Think Symmetrical: Change the Way You Market Broadband

As usual, the folks over at Parks Associates are on top of things when it comes to the latest trends in consumers' digital habits.

Verizon has announced a new FiOS broadband offering to their East Coast customers -- Internet service that offers 20 Mbps both up and down. The pricing is competitive to existing cable broadband offerings, but it marks the beginning of a shift in how we're going to see broadband services marketed. For years, Internet service providers have promoted fast download speeds, with little emphasis on their upload offering.

Now, based on the current trends in online gaming, unlimited online email and storage, and video and photo sharing, consumers will want fast uploads in addition to fast download speeds. It stands to reason that marketing very responsive upload capabilities could start to become a critical differentiator. Along these lines, Parks has conducted surveys exploring consumers' digital media habits that show "the growth of the media habits that are likely to drive consumers toward a symmetrical broadband service."

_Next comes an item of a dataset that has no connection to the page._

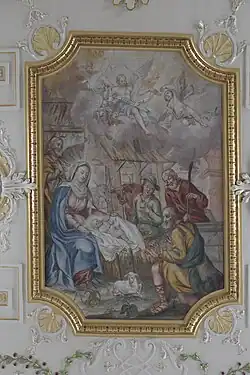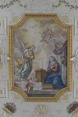 Die beiden großen Deckenfresken im Langhaus stellen die Verkündigung und die Anbetung der Hirten dar. Auf den kleineren, von Stuckkartuschen gerahmten Medaillons sind die Vermählung von Maria und Joseph dargestellt, die Heimsuchung, die Präsentation Jesu im Tempel und der zwölfjährige Jesus unter den Schriftgelehrten.

Another Parks study from 2006 shows that some consumers would even pay a slight premium for a symmetrical broadband service. Of course, video gamers and "creative computing consumers" (photo and video editors) are the groups with the strongest interest in such a service. The study also found similar trends in consumers' interest in online storage - another applications that would benefit from symmetrical broadband.

As Parks' Kurt Scherf also notes, "Verizon indicates that symmetrical services are going to be applicable far beyond entertainment applications -- they view such services as remote video monitoring and digital health as also important for driving symmetrical broadband. We're keeping an eye on applications like these as well."